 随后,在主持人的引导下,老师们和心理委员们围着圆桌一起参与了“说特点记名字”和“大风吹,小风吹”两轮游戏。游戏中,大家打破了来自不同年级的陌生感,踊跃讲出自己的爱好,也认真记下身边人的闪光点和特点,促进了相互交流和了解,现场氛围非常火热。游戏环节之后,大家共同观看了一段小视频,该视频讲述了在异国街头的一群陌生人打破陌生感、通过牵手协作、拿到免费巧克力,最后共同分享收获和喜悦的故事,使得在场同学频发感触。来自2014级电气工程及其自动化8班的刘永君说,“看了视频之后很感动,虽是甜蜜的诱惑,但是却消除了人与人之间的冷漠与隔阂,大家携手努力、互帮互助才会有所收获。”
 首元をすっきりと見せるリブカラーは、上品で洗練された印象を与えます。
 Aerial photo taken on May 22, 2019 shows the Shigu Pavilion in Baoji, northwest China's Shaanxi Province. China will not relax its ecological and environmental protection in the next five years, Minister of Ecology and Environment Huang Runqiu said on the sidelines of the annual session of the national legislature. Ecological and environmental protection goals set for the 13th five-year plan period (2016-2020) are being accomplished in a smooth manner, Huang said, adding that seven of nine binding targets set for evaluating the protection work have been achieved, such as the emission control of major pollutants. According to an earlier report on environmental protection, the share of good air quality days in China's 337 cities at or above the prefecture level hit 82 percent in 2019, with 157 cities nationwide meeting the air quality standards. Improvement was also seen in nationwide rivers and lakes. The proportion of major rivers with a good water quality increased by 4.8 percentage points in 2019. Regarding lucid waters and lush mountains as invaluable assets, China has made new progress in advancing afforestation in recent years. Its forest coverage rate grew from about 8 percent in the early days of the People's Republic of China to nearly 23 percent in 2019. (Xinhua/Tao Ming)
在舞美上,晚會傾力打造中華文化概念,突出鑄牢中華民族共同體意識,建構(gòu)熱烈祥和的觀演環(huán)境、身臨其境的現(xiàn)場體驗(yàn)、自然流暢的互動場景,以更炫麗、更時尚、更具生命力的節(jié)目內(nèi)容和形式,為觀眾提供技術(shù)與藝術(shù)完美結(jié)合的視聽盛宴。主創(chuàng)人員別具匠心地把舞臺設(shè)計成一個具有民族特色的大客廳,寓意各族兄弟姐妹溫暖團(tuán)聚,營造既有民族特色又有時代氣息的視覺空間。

THE PROBLEM
All of the material above should be restated verbatim.

ANSWER BOX
 随后,在主持人的引导下,老师们和心理委员们围着圆桌一起参与了“说特点记名字”和“大风吹,小风吹”两轮游戏。游戏中,大家打破了来自不同年级的陌生感,踊跃讲出自己的爱好,也认真记下身边人的闪光点和特点,促进了相互交流和了解,现场氛围非常火热。游戏环节之后,大家共同观看了一段小视频,该视频讲述了在异国街头的一群陌生人打破陌生感、通过牵手协作、拿到免费巧克力,最后共同分享收获和喜悦的故事,使得在场同学频发感触。来自2014级电气工程及其自动化8班的刘永君说,“看了视频之后很感动,虽是甜蜜的诱惑,但是却消除了人与人之间的冷漠与隔阂,大家携手努力、互帮互助才会有所收获。”
 首元をすっきりと見せるリブカラーは、上品で洗練された印象を与えます。
 Aerial photo taken on May 22, 2019 shows the Shigu Pavilion in Baoji, northwest China's Shaanxi Province. China will not relax its ecological and environmental protection in the next five years, Minister of Ecology and Environment Huang Runqiu said on the sidelines of the annual session of the national legislature. Ecological and environmental protection goals set for the 13th five-year plan period (2016-2020) are being accomplished in a smooth manner, Huang said, adding that seven of nine binding targets set for evaluating the protection work have been achieved, such as the emission control of major pollutants. According to an earlier report on environmental protection, the share of good air quality days in China's 337 cities at or above the prefecture level hit 82 percent in 2019, with 157 cities nationwide meeting the air quality standards. Improvement was also seen in nationwide rivers and lakes. The proportion of major rivers with a good water quality increased by 4.8 percentage points in 2019. Regarding lucid waters and lush mountains as invaluable assets, China has made new progress in advancing afforestation in recent years. Its forest coverage rate grew from about 8 percent in the early days of the People's Republic of China to nearly 23 percent in 2019. (Xinhua/Tao Ming)
在舞美上,晚會傾力打造中華文化概念,突出鑄牢中華民族共同體意識,建構(gòu)熱烈祥和的觀演環(huán)境、身臨其境的現(xiàn)場體驗(yàn)、自然流暢的互動場景,以更炫麗、更時尚、更具生命力的節(jié)目內(nèi)容和形式,為觀眾提供技術(shù)與藝術(shù)完美結(jié)合的視聽盛宴。主創(chuàng)人員別具匠心地把舞臺設(shè)計成一個具有民族特色的大客廳,寓意各族兄弟姐妹溫暖團(tuán)聚,營造既有民族特色又有時代氣息的視覺空間。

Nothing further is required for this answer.